Task: Word for word and without images, reproduce the listing that follows.

Source data:
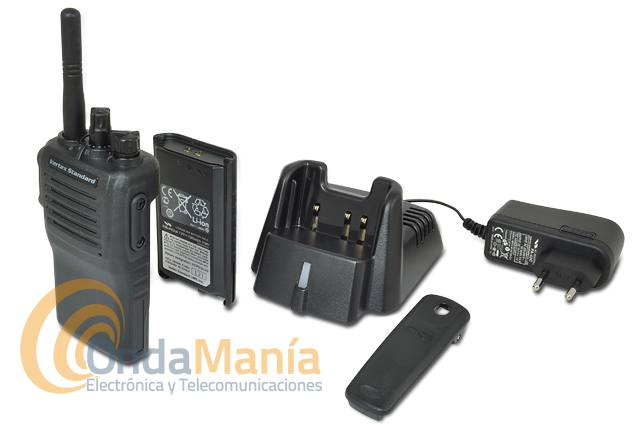 El pack incluye: Walki Yaesu VX-241, batería de Ion-Litio de 7,4 V y 1380 mAh, clip de cinturón, cargador rápido de sobremesa con alimentador AC/DC y manual básico de instrucciones en castellano.
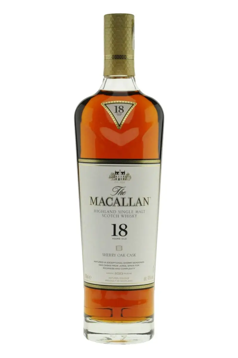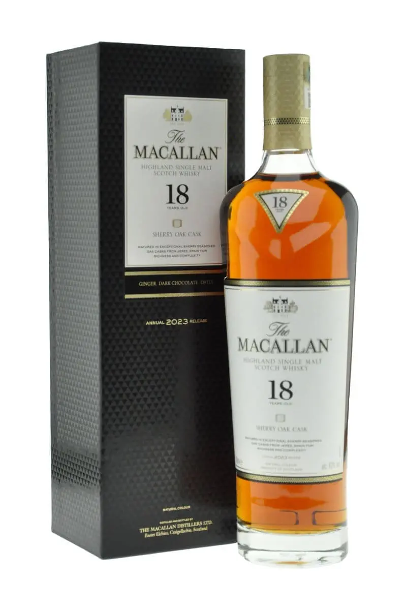Embark on a timeless sensory journey with the Macallan 18 Year Old Sherry Oak, an iconic expression from The Macallan Sherry Oak Collection. Artfully curated with premium European oak and sherry casks seasoned in Jerez de la Frontera, Spain, this 18-year-old masterpiece exemplifies the pinnacle of single malt Scotch whisky craftsmanship.
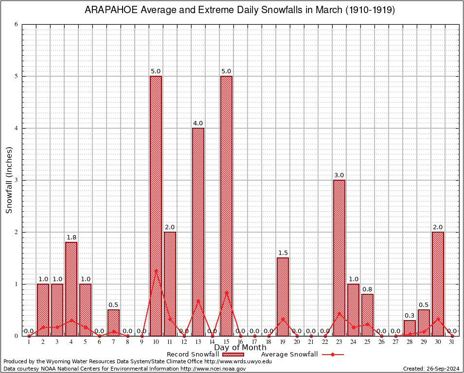 ARAPAHOE (480245) March Average and Extreme Daily Snowfall AMounts (1910-1919) To index page for ARAPAHOE
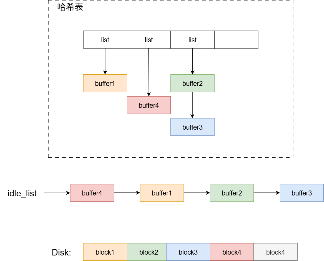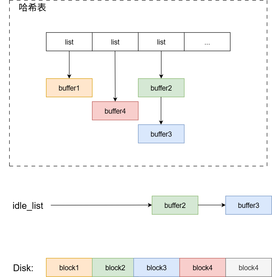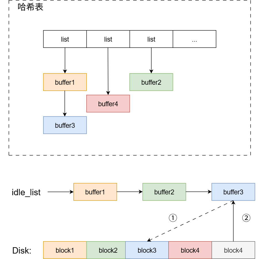 ):- 基于idle_list执行LRU替换策略。从idle_list可以了解到,idle_list的最后一个元素即为我们需要的 最久未被访问过的缓存块。也就是本节最开始所放图片当中的buffer3。

Output for this task:
 El pack incluye: Walki Yaesu VX-241, batería de Ion-Litio de 7,4 V y 1380 mAh, clip de cinturón, cargador rápido de sobremesa con alimentador AC/DC y manual básico de instrucciones en castellano.
Embark on a timeless sensory journey with the Macallan 18 Year Old Sherry Oak, an iconic expression from The Macallan Sherry Oak Collection. Artfully curated with premium European oak and sherry casks seasoned in Jerez de la Frontera, Spain, this 18-year-old masterpiece exemplifies the pinnacle of single malt Scotch whisky craftsmanship.
 ARAPAHOE (480245) March Average and Extreme Daily Snowfall AMounts (1910-1919) To index page for ARAPAHOE
 ):- 基于idle_list执行LRU替换策略。从idle_list可以了解到,idle_list的最后一个元素即为我们需要的 最久未被访问过的缓存块。也就是本节最开始所放图片当中的buffer3。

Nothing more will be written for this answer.